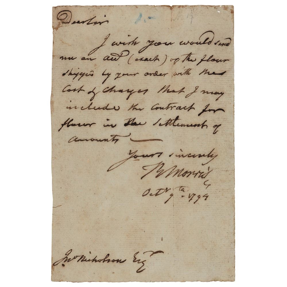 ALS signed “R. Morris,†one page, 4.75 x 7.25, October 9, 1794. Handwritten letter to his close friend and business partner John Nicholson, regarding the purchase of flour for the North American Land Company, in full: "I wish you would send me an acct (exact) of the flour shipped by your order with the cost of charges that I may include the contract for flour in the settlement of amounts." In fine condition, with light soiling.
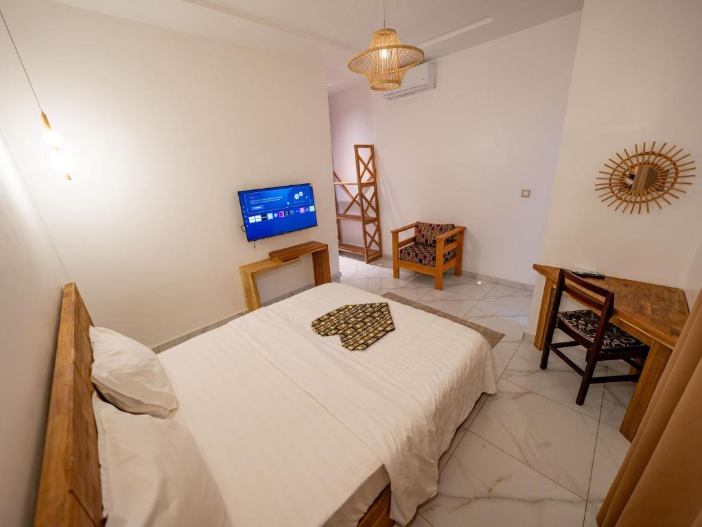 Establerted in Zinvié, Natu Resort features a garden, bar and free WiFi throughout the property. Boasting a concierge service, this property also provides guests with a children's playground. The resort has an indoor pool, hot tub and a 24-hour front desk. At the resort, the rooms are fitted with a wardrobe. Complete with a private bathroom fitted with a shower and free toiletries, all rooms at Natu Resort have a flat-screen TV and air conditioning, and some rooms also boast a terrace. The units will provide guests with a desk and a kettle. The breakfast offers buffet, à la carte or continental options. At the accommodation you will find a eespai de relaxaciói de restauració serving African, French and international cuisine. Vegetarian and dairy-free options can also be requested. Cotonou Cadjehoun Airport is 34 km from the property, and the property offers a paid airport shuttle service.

* * *

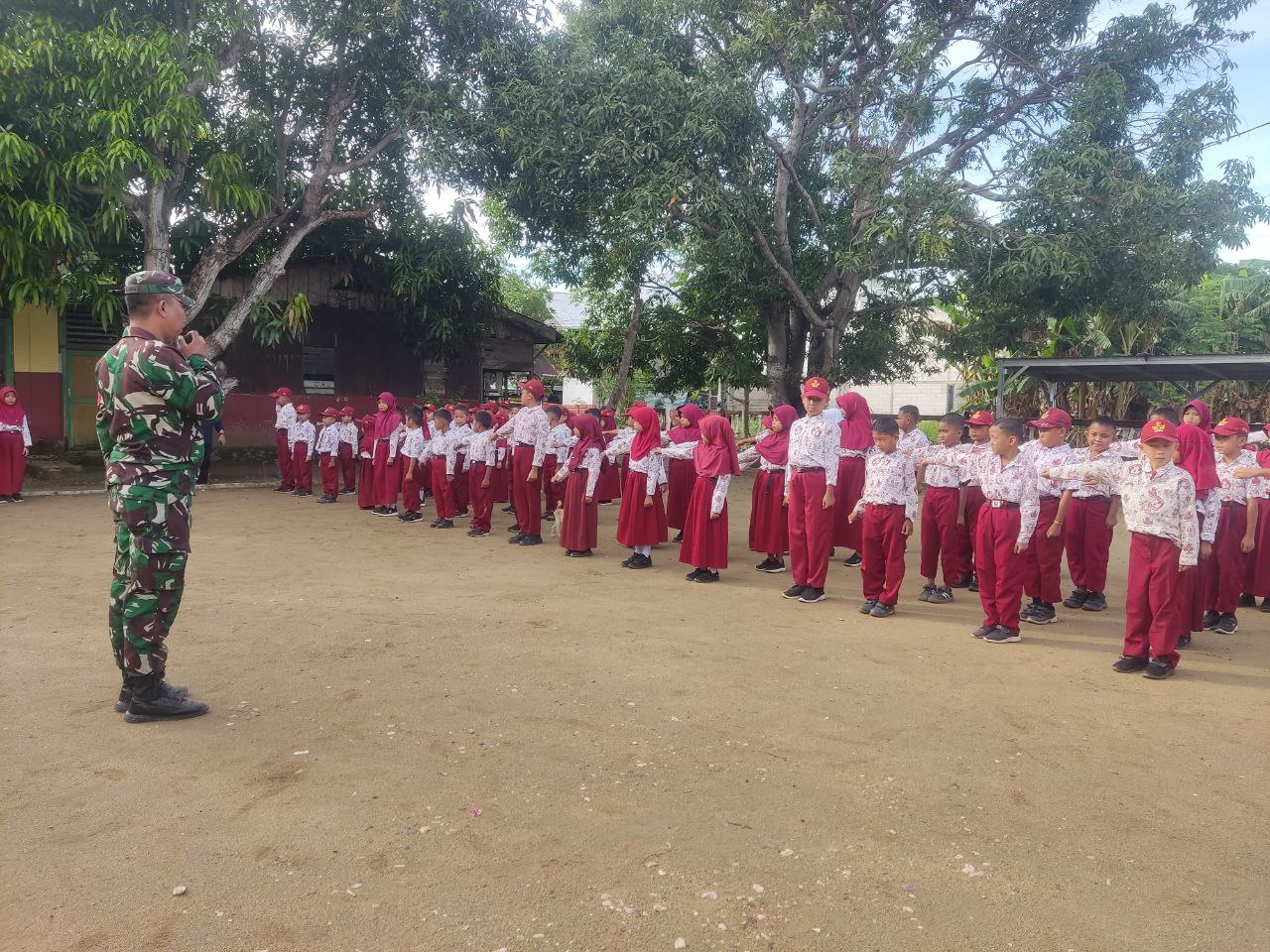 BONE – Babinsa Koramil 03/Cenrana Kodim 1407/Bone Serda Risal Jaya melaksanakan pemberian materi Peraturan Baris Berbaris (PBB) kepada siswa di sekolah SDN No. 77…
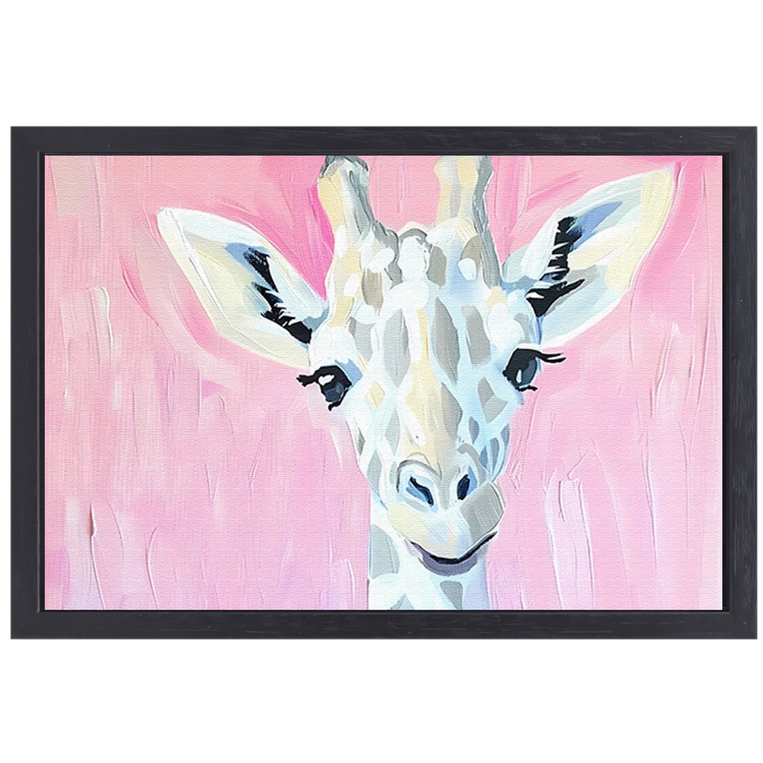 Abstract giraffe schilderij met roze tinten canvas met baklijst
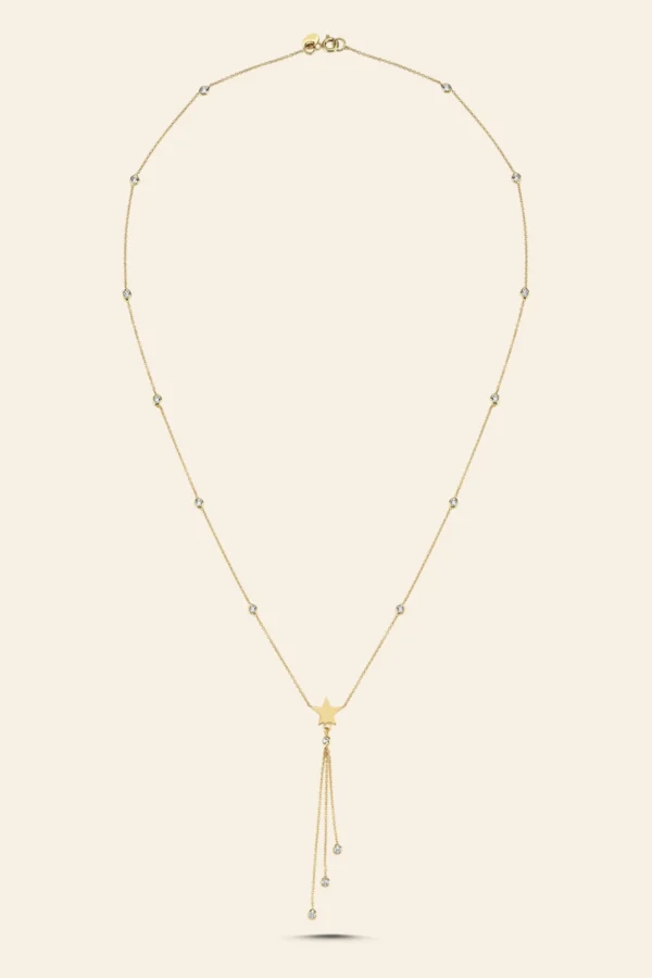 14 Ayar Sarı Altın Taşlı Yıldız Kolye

* _Exercise requirements_: Reproduce exactly the lines of the data above that run from the line with "Abstract giraffe schilderij" down to the line with "14 Ayar Sarı Altın Taşlı Yıldız Kolye", both ends included. Pictures do not belong in the copy.

* _Response_:
 Abstract giraffe schilderij met roze tinten canvas met baklijst
 14 Ayar Sarı Altın Taşlı Yıldız Kolye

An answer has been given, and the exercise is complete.